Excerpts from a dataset
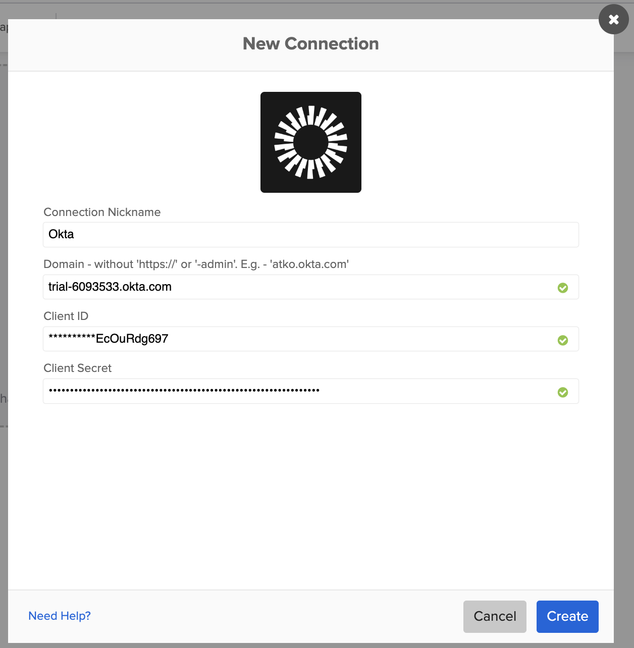 - Click Create to create the connection to Okta.
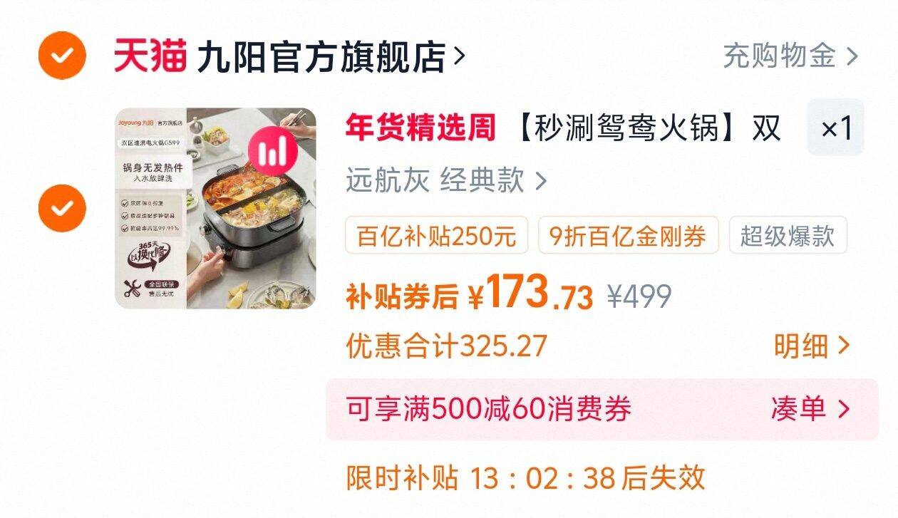 164亓叠金刚券 实付174亓-晒图10=164亓 九阳家用多功能鸳鸯电火锅 好单发报员 2026年01月26日 11:10 0 举报 164亓叠金刚券实付174亓-晒图10=164亓九阳家用多功能鸳鸯电火锅-先把楼上金刚券全部都領上下拉详情直播间立减下单~https://m.tb.cn/h.7KMpap3 复制文案
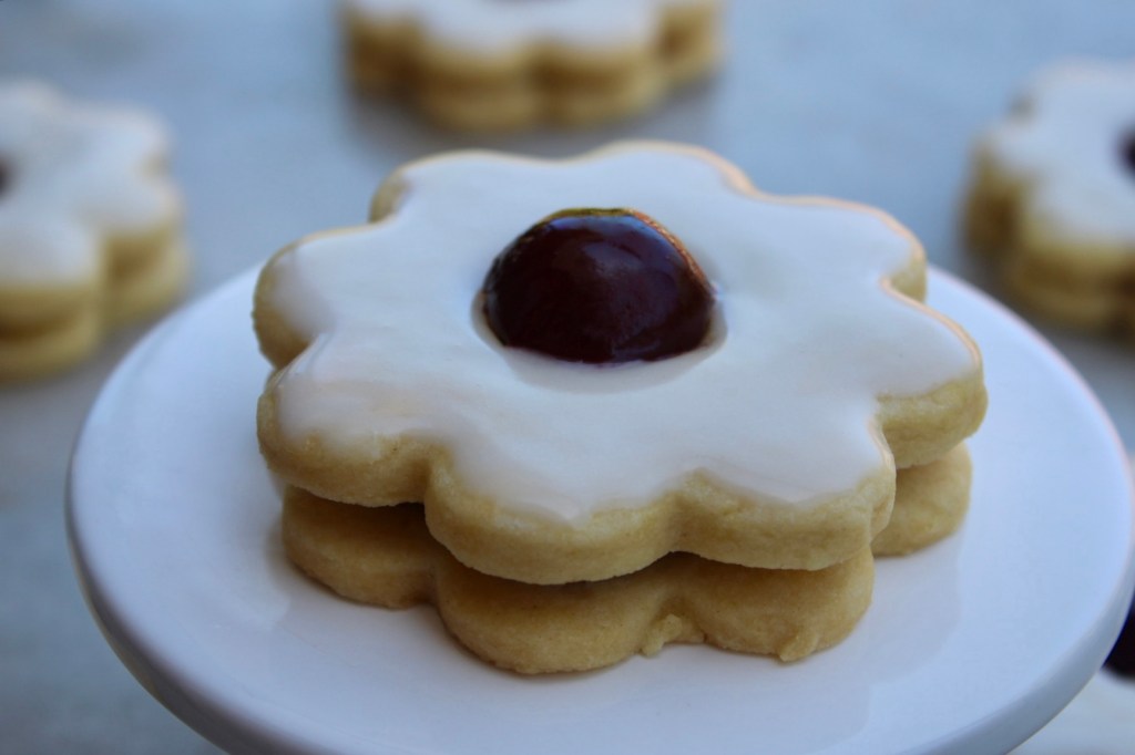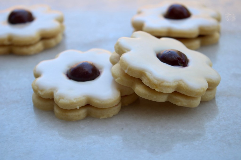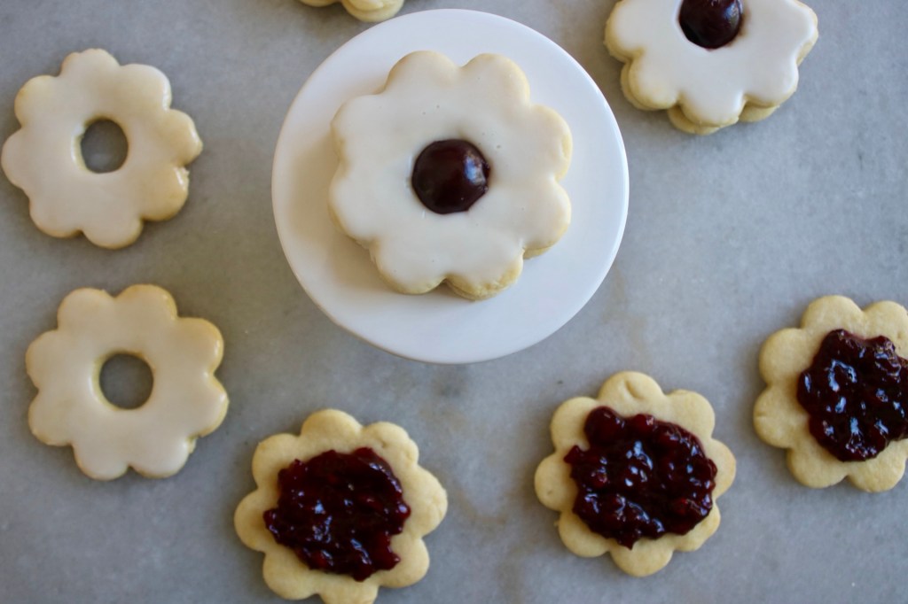 A bouquet of buttery almond flowers sandwiched with cherry jam. # 348: Cherry Bakewell Linzer Cookies
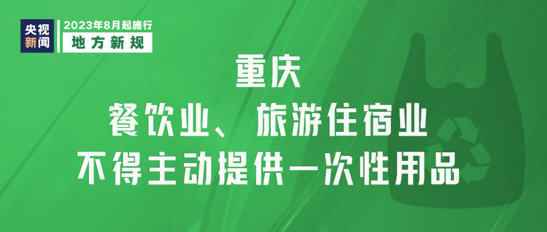 《重慶市一次性用品目錄清單管理辦法》8月1日起實(shí)施,要求重慶市餐飲業(yè)、旅游住宿業(yè)不得主動(dòng)提供一次性用品,鼓勵(lì)使用易降解、可回收再利用的綠色環(huán)保產(chǎn)品。外賣平臺應(yīng)積極引導(dǎo)消費(fèi)者減少使用一次性用品。
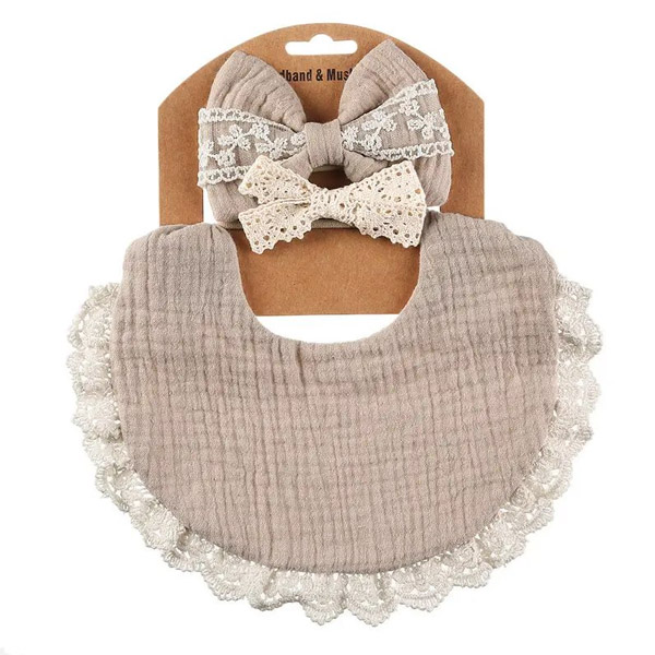 Babero de muselina con 2 cintillos color Arena – Niu baby
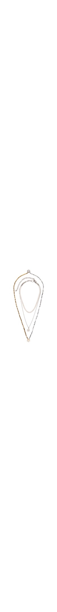 O kit de colares contém 2 peças produzidas em cordão. A peça maior possui espessura média, metade da peça em metal com cor contrastante, miçangas metálicas, pingentes nas partes posterior e frontal com formato figurativo de estrela e com cristais, sendo o pingente posterior em metal com cor contrastante e não possui fechamento. A peça menor possui corrente dupla sendo a corrente menor com espessura média e cristais e a corrente maior fina em elos metálicos finos com pingente com formato figurativo de estrela com cristais, extensor em corrente com elos finos e com pingente da tag da marca e fechamento posterior por fecho lagosta.
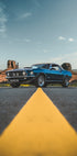 Un clásico Ford Mustang azul estacionado con orgullo en la icónica Ruta 66, rodeado de infinitos cielos desérticos e imponentes formaciones rocosas. Esta poderosa imagen captura el espíritu de libertad, nostalgia y cultura estadounidense de los viajes por carretera: un tributo atemporal a los potentes autos, las autopistas abiertas y la aventura.
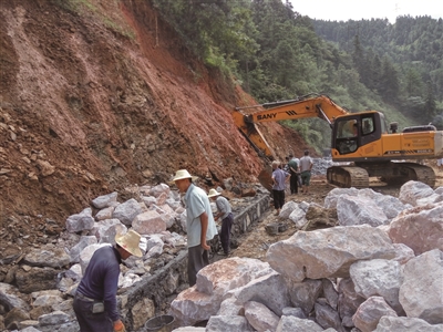 8月19日上午,城步城贝公路汀坪段,该县公路局人员正对塌方路段进行抢修。之前,该路段塌方,导致路面只能半幅通行且存在安全隐患。8月17日,公路部门对其进行隐患排除施工,预计半个月内完工。
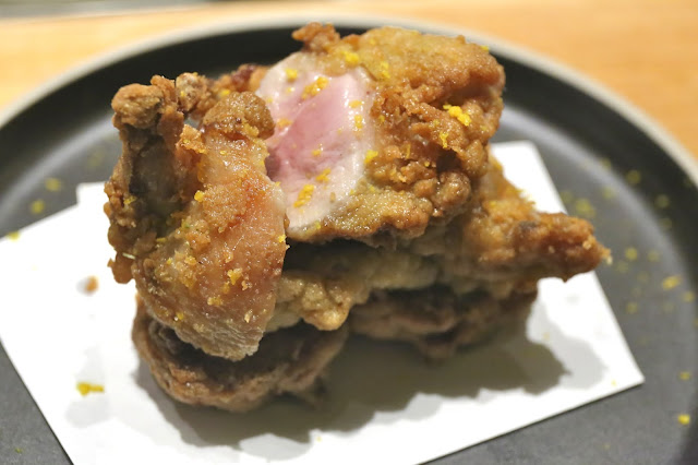 Quail, orange, sansho - another crowd favorite, so just so pink, tender, and juicy! Wonderful fragrance with the shavings of orange zest, and not real heavy on the sansho (山椒).
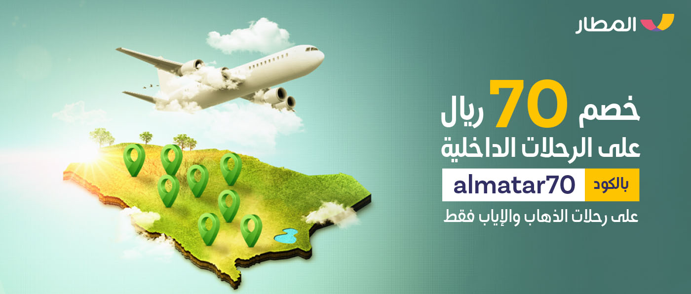 وفر 70 ريال على أي حجز طيران داخلي ذهاب واياب فقط باستخدام الكود "almatar70"
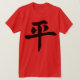 Manar's red Bella Canvas grundläggande t-shirt med en bild av den kinesiska karaktären för fred. Visa hela uppsättningen av Enlightenment-apparaten i SPECIELLA TUUCHES | Avsnittet Party favors.

#### Assigned task
With all pictures removed, reproduce the lines from the top of the entries above through the line containing "O kit de colares", exactly as written.

#### Response to this task
 - Click Create to create the connection to Okta.
 164亓叠金刚券 实付174亓-晒图10=164亓 九阳家用多功能鸳鸯电火锅 好单发报员 2026年01月26日 11:10 0 举报 164亓叠金刚券实付174亓-晒图10=164亓九阳家用多功能鸳鸯电火锅-先把楼上金刚券全部都領上下拉详情直播间立减下单~https://m.tb.cn/h.7KMpap3 复制文案
 A bouquet of buttery almond flowers sandwiched with cherry jam. # 348: Cherry Bakewell Linzer Cookies
 《重慶市一次性用品目錄清單管理辦法》8月1日起實(shí)施,要求重慶市餐飲業(yè)、旅游住宿業(yè)不得主動(dòng)提供一次性用品,鼓勵(lì)使用易降解、可回收再利用的綠色環(huán)保產(chǎn)品。外賣平臺應(yīng)積極引導(dǎo)消費(fèi)者減少使用一次性用品。
 Babero de muselina con 2 cintillos color Arena – Niu baby
 O kit de colares contém 2 peças produzidas em cordão. A peça maior possui espessura média, metade da peça em metal com cor contrastante, miçangas metálicas, pingentes nas partes posterior e frontal com formato figurativo de estrela e com cristais, sendo o pingente posterior em metal com cor contrastante e não possui fechamento. A peça menor possui corrente dupla sendo a corrente menor com espessura média e cristais e a corrente maior fina em elos metálicos finos com pingente com formato figurativo de estrela com cristais, extensor em corrente com elos finos e com pingente da tag da marca e fechamento posterior por fecho lagosta.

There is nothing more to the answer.